For the Pound, Brexit negotiations are still the most important driver but continue to be fraught as the UK and EU seem no closer to agreeing any compromises on the key opening issues of the status of EU nationals in the UK, the cost of Brexit and the border between Northern Ireland and Republic of Ireland.
Most recently, Senior EU commissioner, Pierre Moscovici, reported the EU's chief negotiator had said to him he was "worried" about the way Brexit negotiations were going.
Speaking to Bloomberg, Mr. Moscovici said: "My friend Michel Barnier is a bit worried about the progress of the negotiations but," he added, " we still have some time to go, quite a bit of time to go."
Thursday will see Parliamentarians debate the "Great Repeal Bill" which seeks to adopt 19,000 EU laws into British law so they can also be kept, replaced or rejected over time.

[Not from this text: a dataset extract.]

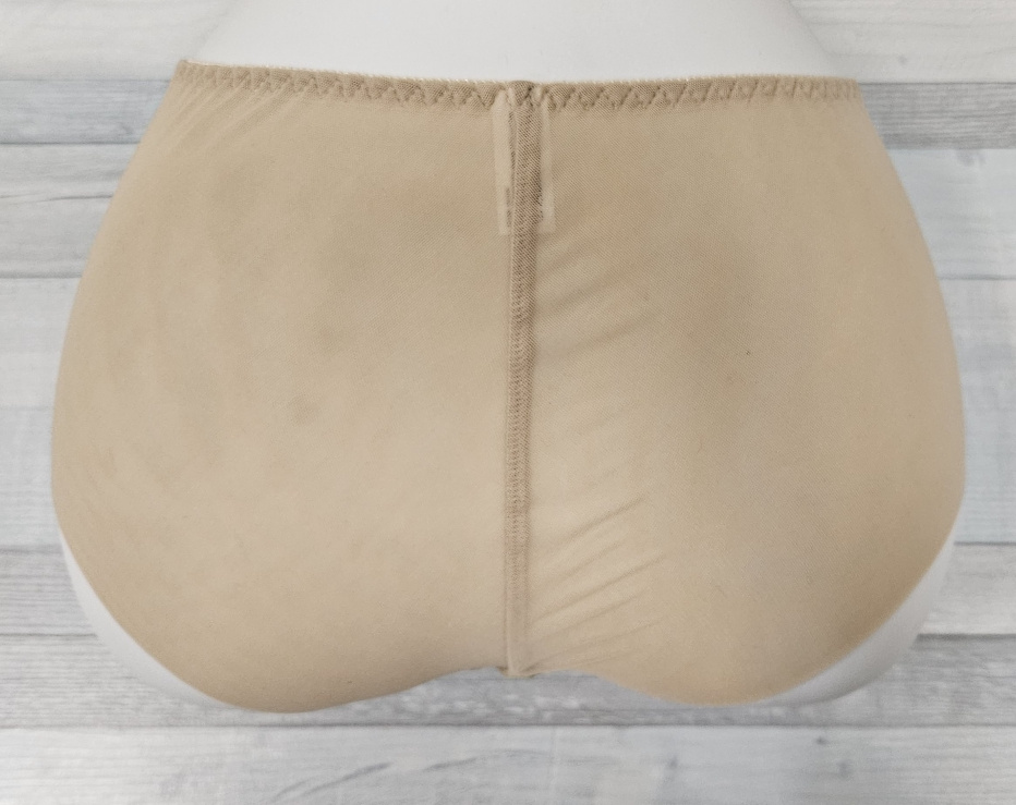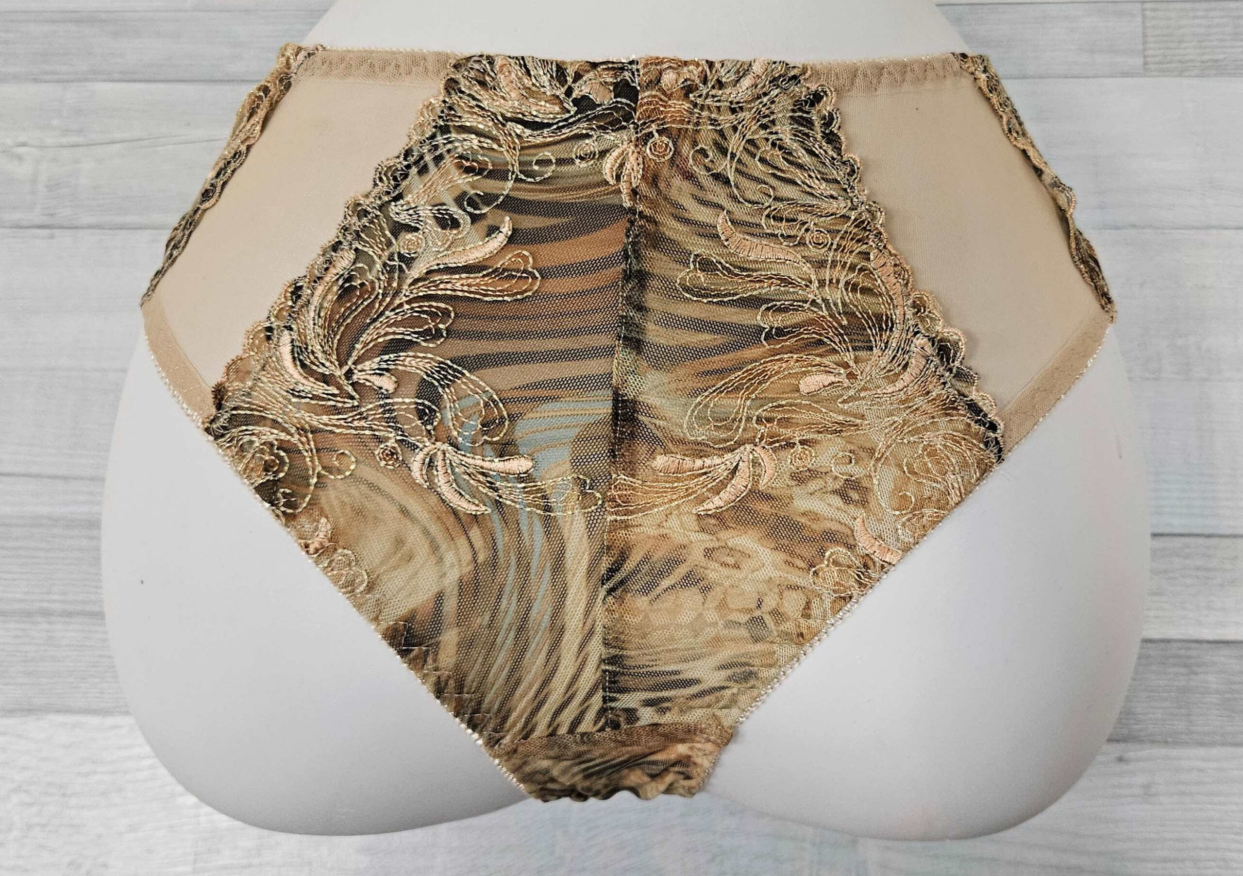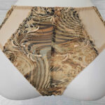 Женские трусики -64 выполнены из сетки с принтом с вышивкой бежевой нитью и люрексом, спинка из сложенной вдвое телесной сетки, ластовица проложена 100 хлопком. Идеальный вариант для повседневной носки, сочетаются с бюстом -64.

However, the bill has come under fierce criticism, especially from opposition Labour MPs, who say it hands too much power to ministers to replace or overrule key rights enshrined in the EU laws thus adopted.
The opposition is particularly concerned about, "the power to replace certain laws via ‘statutory instrument’, which parliament does not get to vote on or debate," according to a report in the Independent online.
Labour's Brexit minister Kier Starmer has requested the government to amend the Bill to allow the UK to remain in the economic, customs and judicial union for an 'interim' period of about 4 years after the official triggering of Brexit in March 2019, in a reflection of Labours new, 'softer' stance.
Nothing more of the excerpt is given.